Я слушал его, и в моей голове выстраивалась целая стратегия информационной войны. Катков — для императора. Аксаков — для общества. А Герцен… Герцен — это ядерный фугас, который можно держать в запасе, пустив в дело в нужный момент.
— Благодарю вас, ваше сиятельство, — сказал я. — Картина ясна. Мы начнем с Аксакова и попробуем пробиться к Каткову. Но на всякий случай…
Тут я сделал паузу, прикидывая, не отъеду ли за следующий вопрос обратно в Алексеевский равелин. Ладно, пофиг. Терять мне нечего. И, хоть в этом мире и принято говорить высочайшим особам лишь то, что им приятно, скоро его высочеству придется выйти из зоны комфорта.
И, глубоко вздохнув, задал последний, самый важный вопрос.
— Подскажите мне, граф: как можно выйти на этого Герцена? Как передать ему сведения, чтобы они гарантированно дошли до него, а источник остался в тени?
Глава 15
Глава 15
Граф Неклюдов посмотрел на меня долгим, изучающим взглядом, осознавая, что я не шучу и готов идти до конца.
— Это очень опасно, герр Тарановский, — медленно произнес он. — Каналы связи с Лондоном контролируются Третьим отделением. Любая неосторожность — и можно угодить прямиком в Алексеевский равелин. Но… — он криво усмехнулся, — строгость законов, как говорится, компенсируется его неисполнением. Все в России читают «Колокол» — даже государь император! Да-да, и я тоже его читаю! Есть люди, которые имеют связь с этим лондонским оракулом. Но об этом мы поговорим потом: когда у вас на руках будет тот самый документ о состоянии дороги. Не раньше!
Что ж, позже так позже.
— Хорошо, ваше сиятельство. Прошу вас, ответьте еще на один вопрос: великий князь весьма любезно согласился содействовать мне в получении русского подданства. Что мне следует теперь предпринять, чтобы получить его как можно скорее?
Услышав это, граф одобрительно покачал головой.
— Это прекрасная новость, герр Тарановский! Иди вы обычным порядком, дело бы затянулось минимум на год, а так вы вполне можете уложиться в один-два месяца. Напишите ходатайство на имя петербургского генерал-губернатора и пришлите его мне, а я дам делу ход. С пометкой об особом внимании великого князя успех ему гарантирован!

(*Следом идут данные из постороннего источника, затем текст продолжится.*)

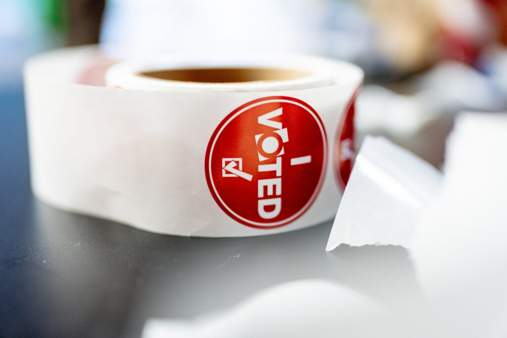 An “I Voted” stocker is pictured at the Salt Lake County Government Center in Salt Lake City on Election Day, Tuesday, Nov. 5, 2024. (Photo by Spenser Heaps for Utah News Dispatch)

Прояснив этот последний, исключительно важный для меня вопрос, мы с Василием Александровичем откланялись, покидая графа в лучшем настроении, чем приехали к нему. Сам я так просто чуть не рычал, ощущая, как в крови бурлит холодный азарт… Идея «технической ревизии» должна была подействовать подобно хорошему пинку тяжелого кавалерийского сапога, приложенного к нужному месту в нужное время — больно, унизительно и… крайне эффективно.
— Слушай, Тарановский, — пробасил Кокорев, не без труда влезая в экипаж, — а где мы людей-то найдем на такое дело? Техническая ревизия железной дороги — это не шутки! Тут авторитетные люди нужны. К Путилову, может, заскочим, посоветоваться?
— Можно и к Путилову. Но сначала — к Нобелю! — бросил я кучеру, запрыгивая следом за купцом в карету. — На Галерный остров, живо!
Вскоре она несла нас прочь от аристократического лоска особняка Неклюдова, в иную, куда менее приятную, но зато более знакомую и понятную мне реальность — в мир железа, угля и пара. Даже в конторе Нобелей пахло не сигарами и духами, а горелым металлом, угольным дымом и машинным маслом. Этот запах был мне роднее и ближе всех салонных ароматов.
Как выяснилось, Альфред был в отъезде, но Нобель-старший, к счастью, оказался на месте.
— Владислав Антонович, чем обязан? — произнес Эммануил Людвигович, завидя меня на пороге своего кабинета. Его немецкий акцент был едва заметен, но будто придавал словам дополнительный вес.
Я не стал ходить вокруг да около.
— Господин Нобель, нужен добрый совет, и я решил обратиться к вам, как лучшему инженеру империи. — Тут я сделал паузу, давая ему проглотить наживку. — Видите ли, есть серьезные основания полагать, что Варшавская железная дорога, гордость и надежда государя, построена с вопиющими техническими нарушениями. Французские подрядчики из ГОРЖД, как мне достоверно известно, экономили на всем при постройке Нижегородской дороги, и это дает основания считать, что с Варшавской они поступили так же!
Нобель нахмурился, его пальцы сцепились в замок. Он молчал, взвешивая. Я видел, как в его голове работают шестеренки, просчитывая риски и потенциальную выгоду.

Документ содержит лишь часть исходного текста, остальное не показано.